== Description of the task ==
Retype the data exactly, from its first line to the line containing "SYLWESTROWA OPOWIEŚĆ I", including both, and skip any picture.
*** Input records Section Begins ***
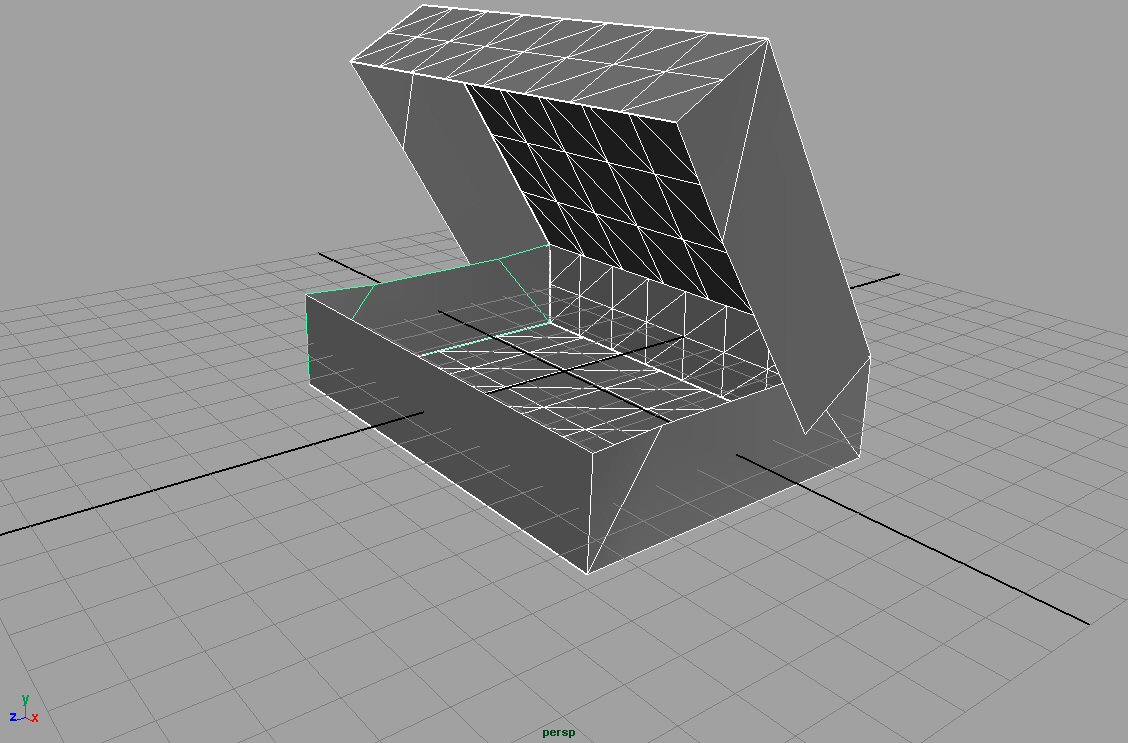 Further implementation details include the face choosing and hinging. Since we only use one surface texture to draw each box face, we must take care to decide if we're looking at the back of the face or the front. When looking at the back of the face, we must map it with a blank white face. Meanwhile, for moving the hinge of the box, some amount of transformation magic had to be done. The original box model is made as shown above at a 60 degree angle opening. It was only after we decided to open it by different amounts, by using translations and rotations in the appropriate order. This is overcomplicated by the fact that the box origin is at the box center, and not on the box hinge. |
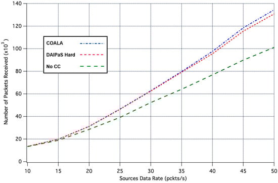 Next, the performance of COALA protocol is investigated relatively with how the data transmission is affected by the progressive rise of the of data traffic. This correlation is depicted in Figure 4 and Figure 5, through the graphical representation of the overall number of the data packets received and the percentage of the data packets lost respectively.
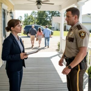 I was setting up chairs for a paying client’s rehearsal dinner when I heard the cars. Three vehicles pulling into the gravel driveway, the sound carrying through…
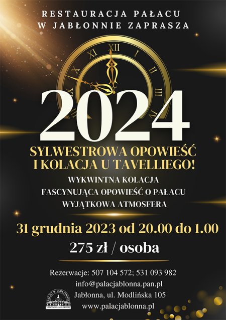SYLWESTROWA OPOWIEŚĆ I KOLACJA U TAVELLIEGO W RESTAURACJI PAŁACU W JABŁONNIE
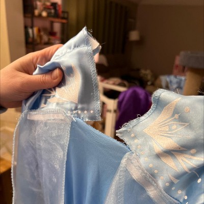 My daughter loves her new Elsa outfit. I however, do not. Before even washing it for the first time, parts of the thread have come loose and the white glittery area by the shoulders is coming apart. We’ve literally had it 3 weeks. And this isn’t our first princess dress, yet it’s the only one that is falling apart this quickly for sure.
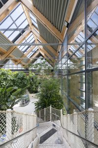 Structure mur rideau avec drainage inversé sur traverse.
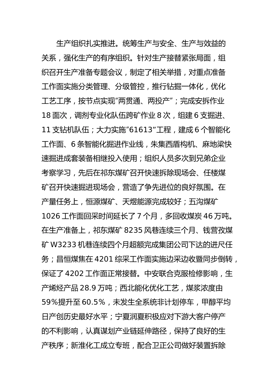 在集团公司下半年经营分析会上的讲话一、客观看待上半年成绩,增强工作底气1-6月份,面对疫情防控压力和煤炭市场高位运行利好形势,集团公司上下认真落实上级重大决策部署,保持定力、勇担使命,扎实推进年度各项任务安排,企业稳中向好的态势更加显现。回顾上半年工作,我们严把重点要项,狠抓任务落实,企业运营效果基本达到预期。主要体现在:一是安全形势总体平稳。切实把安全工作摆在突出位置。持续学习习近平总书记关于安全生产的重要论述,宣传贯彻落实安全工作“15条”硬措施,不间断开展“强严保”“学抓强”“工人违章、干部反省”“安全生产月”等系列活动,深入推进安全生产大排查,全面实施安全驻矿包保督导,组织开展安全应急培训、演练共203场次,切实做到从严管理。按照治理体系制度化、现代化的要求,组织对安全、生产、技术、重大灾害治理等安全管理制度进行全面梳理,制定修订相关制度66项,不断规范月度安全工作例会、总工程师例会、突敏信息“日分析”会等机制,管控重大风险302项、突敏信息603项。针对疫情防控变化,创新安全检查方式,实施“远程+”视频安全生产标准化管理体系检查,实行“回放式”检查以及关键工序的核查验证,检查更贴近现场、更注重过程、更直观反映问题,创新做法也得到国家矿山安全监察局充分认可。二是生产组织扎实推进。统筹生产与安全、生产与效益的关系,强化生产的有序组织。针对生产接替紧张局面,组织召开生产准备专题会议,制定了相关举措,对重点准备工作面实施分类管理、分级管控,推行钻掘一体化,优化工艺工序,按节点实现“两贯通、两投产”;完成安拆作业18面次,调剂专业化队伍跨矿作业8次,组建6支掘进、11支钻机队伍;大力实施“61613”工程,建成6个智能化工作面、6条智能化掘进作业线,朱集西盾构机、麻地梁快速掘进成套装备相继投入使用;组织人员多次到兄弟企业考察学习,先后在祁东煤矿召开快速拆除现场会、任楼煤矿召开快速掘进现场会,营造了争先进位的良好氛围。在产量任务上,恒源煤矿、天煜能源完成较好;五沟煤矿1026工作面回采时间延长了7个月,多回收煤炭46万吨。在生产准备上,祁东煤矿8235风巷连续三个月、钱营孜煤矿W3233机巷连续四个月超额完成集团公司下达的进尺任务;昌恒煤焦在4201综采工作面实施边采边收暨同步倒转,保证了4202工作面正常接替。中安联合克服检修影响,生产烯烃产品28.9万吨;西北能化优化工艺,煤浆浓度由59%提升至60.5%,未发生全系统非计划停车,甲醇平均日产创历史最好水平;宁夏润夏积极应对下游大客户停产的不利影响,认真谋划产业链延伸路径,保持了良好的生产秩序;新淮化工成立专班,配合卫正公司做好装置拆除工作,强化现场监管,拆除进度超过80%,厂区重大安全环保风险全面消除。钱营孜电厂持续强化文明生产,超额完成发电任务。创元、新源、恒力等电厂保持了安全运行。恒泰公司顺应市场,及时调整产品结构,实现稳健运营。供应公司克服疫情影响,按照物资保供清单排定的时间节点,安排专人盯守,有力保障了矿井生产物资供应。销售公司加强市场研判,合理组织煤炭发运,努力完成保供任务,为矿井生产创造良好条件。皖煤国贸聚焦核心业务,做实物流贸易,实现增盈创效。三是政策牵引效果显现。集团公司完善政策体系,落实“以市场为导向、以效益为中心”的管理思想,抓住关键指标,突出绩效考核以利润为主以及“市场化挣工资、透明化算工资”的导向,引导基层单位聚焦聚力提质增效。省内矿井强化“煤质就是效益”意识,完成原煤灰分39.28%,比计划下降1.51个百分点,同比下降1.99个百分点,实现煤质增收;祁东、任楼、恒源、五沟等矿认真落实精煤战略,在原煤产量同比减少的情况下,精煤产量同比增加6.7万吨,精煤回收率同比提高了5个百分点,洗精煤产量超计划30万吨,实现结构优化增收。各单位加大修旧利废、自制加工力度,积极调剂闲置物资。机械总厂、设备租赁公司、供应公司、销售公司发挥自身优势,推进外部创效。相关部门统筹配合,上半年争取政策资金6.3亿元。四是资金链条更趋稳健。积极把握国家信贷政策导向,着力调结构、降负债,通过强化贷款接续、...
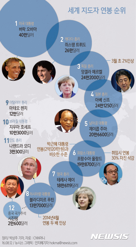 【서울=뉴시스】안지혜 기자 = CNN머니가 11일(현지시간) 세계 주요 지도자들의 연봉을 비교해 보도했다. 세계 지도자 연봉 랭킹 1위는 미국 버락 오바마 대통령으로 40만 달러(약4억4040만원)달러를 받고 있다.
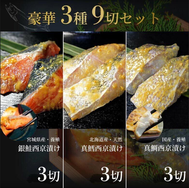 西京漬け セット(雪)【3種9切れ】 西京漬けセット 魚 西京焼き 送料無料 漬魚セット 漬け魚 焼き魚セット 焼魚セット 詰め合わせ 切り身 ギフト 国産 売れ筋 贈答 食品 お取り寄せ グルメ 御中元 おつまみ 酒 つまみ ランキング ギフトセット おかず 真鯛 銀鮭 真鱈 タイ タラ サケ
*** Input records Section Ends ***
== Reply to the exercise ==
 Further implementation details include the face choosing and hinging. Since we only use one surface texture to draw each box face, we must take care to decide if we're looking at the back of the face or the front. When looking at the back of the face, we must map it with a blank white face. Meanwhile, for moving the hinge of the box, some amount of transformation magic had to be done. The original box model is made as shown above at a 60 degree angle opening. It was only after we decided to open it by different amounts, by using translations and rotations in the appropriate order. This is overcomplicated by the fact that the box origin is at the box center, and not on the box hinge. |
 Next, the performance of COALA protocol is investigated relatively with how the data transmission is affected by the progressive rise of the of data traffic. This correlation is depicted in Figure 4 and Figure 5, through the graphical representation of the overall number of the data packets received and the percentage of the data packets lost respectively.
 I was setting up chairs for a paying client’s rehearsal dinner when I heard the cars. Three vehicles pulling into the gravel driveway, the sound carrying through…
SYLWESTROWA OPOWIEŚĆ I KOLACJA U TAVELLIEGO W RESTAURACJI PAŁACU W JABŁONNIE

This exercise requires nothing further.